The request for review was lodged by Eurofer, on behalf of EU steel producers.

The product subject to this review is certain flat rolled products of iron, non-alloy steel or other alloy steel, whether or not in coils, including 'cut-to-length' and 'narrow strip' products, not further worked than hot rolled, not clad, plated or coated, originating in Russia the product under review, currently falling under CN codes 7208 10 00, 7208 25 00, 7208 26 00, 7208 27 00, 7208 36 00, 7208 37 00, 7208 38 00, 7208 39 00, 7208 40 00, 7208 52 10, 7208 52 99, 7208 53 10, 7208 53 90, 7208 54 00, 7211 13 00, 7211 14 00, 7211 19 00, 7225 30 90, 7225 40 90, 7226 91 91 and 7226 91 99.

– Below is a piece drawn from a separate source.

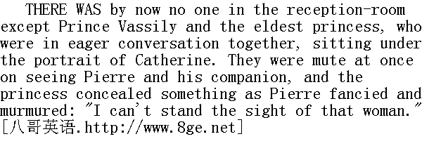 除开瓦西里公爵和公爵的大小姐而外, 接待室里没有其他人, 他们二人坐在叶卡捷琳娜画像下面, 正在兴致勃勃地谈论什么事。他们一望见皮埃尔和他的带路人, 就默不作声了。皮埃尔仿佛看见公爵的大小姐把一样东西藏起来, 并且轻言细语地说道: "我不能跟这个女人见面。" "Katish has had tea served in the little drawing-room," Prince Vassily said to Anna Mihalovna. "Go, my poor Anna Mihalovna, take something or you will not hold out." "Caticheafaitdonnerduthedanslepetitesalon, " 瓦西里公爵对安娜?米哈伊洛夫娜说道, "Allez, mapauvre安娜?米哈伊洛夫娜, prenezquequeclhose, autrementvousnesuffirezpas."③ ③法语: 卡季什已经吩咐人将茶端进小客厅去了。可怜的安娜?米哈伊洛夫娜, 您最好去提提精神, 否则您会没有力气的。 To Pierre he said nothing; he simply pressed his arm sympathetically. Pierre and Anna Mihalovna went on into the little drawing-room. 他对皮埃尔什么话也没有说, 只是亲切地握握他的手。皮埃尔和安娜?米哈伊洛夫娜向petitAalon④走去。 ④法语: 小客厅。

The products not covered by this investigation including stainless steel and grain-oriented silicon electrical steel, tool steel and high-speed steel, HR sheets without patterns in relief, of a thickness exceeding 10 mm and of a width of 600 mm or more, HR Sheets without patterns in relief, of a thickness of 4.75 mm or more but not exceeding 10 mm and of a width of 2 050 mm or more.

The investigation period will cover from 1 January 2020 to 31 December 2020.

On 5 October 2017, European Commission had imposed a definitive anti-dumping duty, ranging from Euro 17.6-96.5, on imports of hot-rolled flat products of iron, non-alloy or other alloy steel from Brazil, Iran, Ukraine and Russia. Duties set for the material produced by Russian steelmaker Severstal were the lowest at EUR 17.60 per ton

Russia exported 1.27 mln tons of HRC to the European Union in the first 11 months of 2020, according to the Eurofer data.